FIG. 23 is a schematic structural diagram of a target detecting apparatus according to Embodiment 1 of the present invention. The target detecting device provided in this embodiment can perform the target detecting method provided in any one of Embodiments 1 to 6 provided in FIG. 2 to FIG. As shown in FIG. 23, the object detecting apparatus provided in this embodiment may include: a memory 51 and a processor 52. Optionally, a transceiver 53 may also be included.

The memory 51, the processor 52, and the transceiver 53 can be connected by a bus.

Memory 51 can include read only memory and random access memory and provides instructions and data to processor 52. A portion of the memory 51 may also include a non-volatile random access memory.

The transceiver 53 is used to support the reception and transmission of signals between the drone and other devices. The processor 52 can be processed after receiving the signal. The information generated by the processor 52 can also be sent to other devices. Transceiver 53 can include separate transmitters and receivers.
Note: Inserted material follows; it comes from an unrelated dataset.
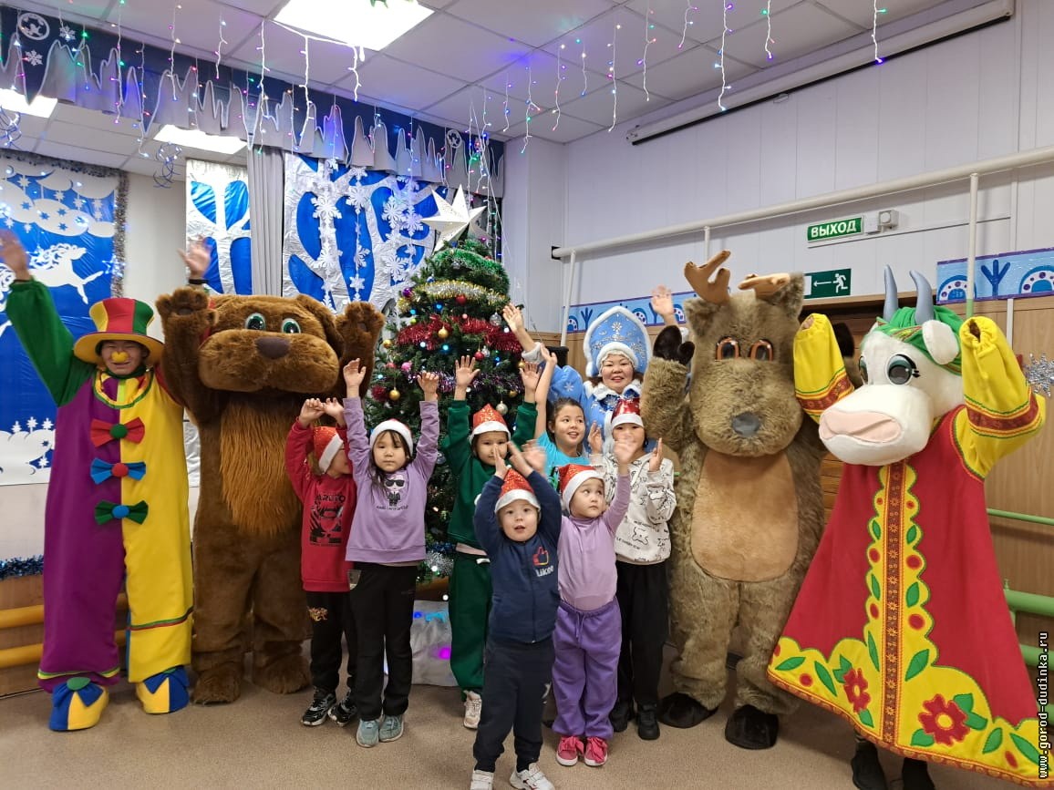 По окончанию игровой программы гости мероприятия — собачка Гав, Коза-дереза, Олень и Снегурочка — преподнесли ребятам сюрприз в виде танцевального флешмоба, в котором ребята повторяли за героями зажигательные движения под новогоднюю музыку.

The processor 52 may be a central processing unit (CPU), and the processor 52 may be another general-purpose processor, a digital signal processor (DSP), or an application specific integrated circuit (ASIC). ), a Field-Programmable Gate Array (FPGA) or other programmable logic device, discrete gate or transistor logic device, discrete hardware components, and the like. The general purpose processor may be a microprocessor or the processor or any conventional processor or the like.

The memory 52 is configured to store program code.

The processor 51, the calling program code is used to perform the following operations:

Get the depth map.

The depth map is detected according to the detection algorithm.

If the candidate region of the target object is detected, it is determined according to the verification algorithm whether the candidate region of the target object is the effective region of the target object.

Optionally, if the candidate area of the target object is determined as the effective area of the target object according to the verification algorithm, the processor 51 is further configured to:

The location information of the target object is obtained according to the effective area of the target object.

Optionally, the processor 51 is further configured to:

Optionally, the processor 51 is specifically configured to:

Get the pose information of the drone.

Optionally, if the candidate area of the target object is not obtained after the detection, the processor 51 is further configured to:

Optionally, the processor 51 is specifically configured to:

Optionally, the processor 51 is further configured to:

The location information of the target object is obtained according to at least one of the candidate region of the target object and the candidate region of the target object.

Optionally, the first frequency is greater than the second frequency. The first frequency is a frequency of acquiring an candidate region of the target object according to the gray image of the current time based on the target tracking algorithm, and the second frequency is a frequency for detecting the depth map according to the detection algorithm.

Optionally, the processor 51 is specifically configured to:

If the candidate area of the target object is the effective area of the target object, the location information of the target object is obtained according to the effective area of the target object. or,

If the candidate region of the target object is the effective region of the target object, the average value or the weighted average of the first location information and the second location information is determined as the location information of the target object. The first location information is location information of the target object determined according to the effective region of the target object, and the second location information is location information of the target object determined according to the candidate region of the target object. or,

Optionally, the processor 51 is further configured to:

If it is determined that the candidate region of the target object is valid, the step of obtaining the location information of the target object according to the candidate region of the target object and the candidate region of the target object is performed.

Optionally, the processor 51 is specifically configured to:

Optionally, the processor 51 is further configured to:

The original grayscale image is scaled according to the scaling factor.

Optionally, the processor 51 is specifically configured to:

Optionally, if the candidate area of the target object is the effective area of the target object, the processor 51 is further configured to:

Based on the target tracking algorithm, an candidate region of the target object is acquired according to the grayscale image at the current moment. The effective area of the target object is used as the reference area of the target object in the current time target tracking algorithm.

Optionally, the processor 51 is further configured to:

Optionally, the processor 51 is specifically configured to:

Optionally, the processor 51 is further configured to:

Optionally, the location information is location information in a camera coordinate system.

Optionally, the processor 51 is specifically configured to:

A grayscale image is obtained by the sensor.

The depth map is obtained from the grayscale image.

Optionally, the processor 51 is specifically configured to:

Optionally, the verification algorithm is a convolutional neural network CNN algorithm.

The target detecting device provided in this embodiment is used to perform the target detecting method provided by the method embodiment shown in FIG. 2 to FIG. 13 , and the technical principle and the technical effect are similar, and details are not described herein again.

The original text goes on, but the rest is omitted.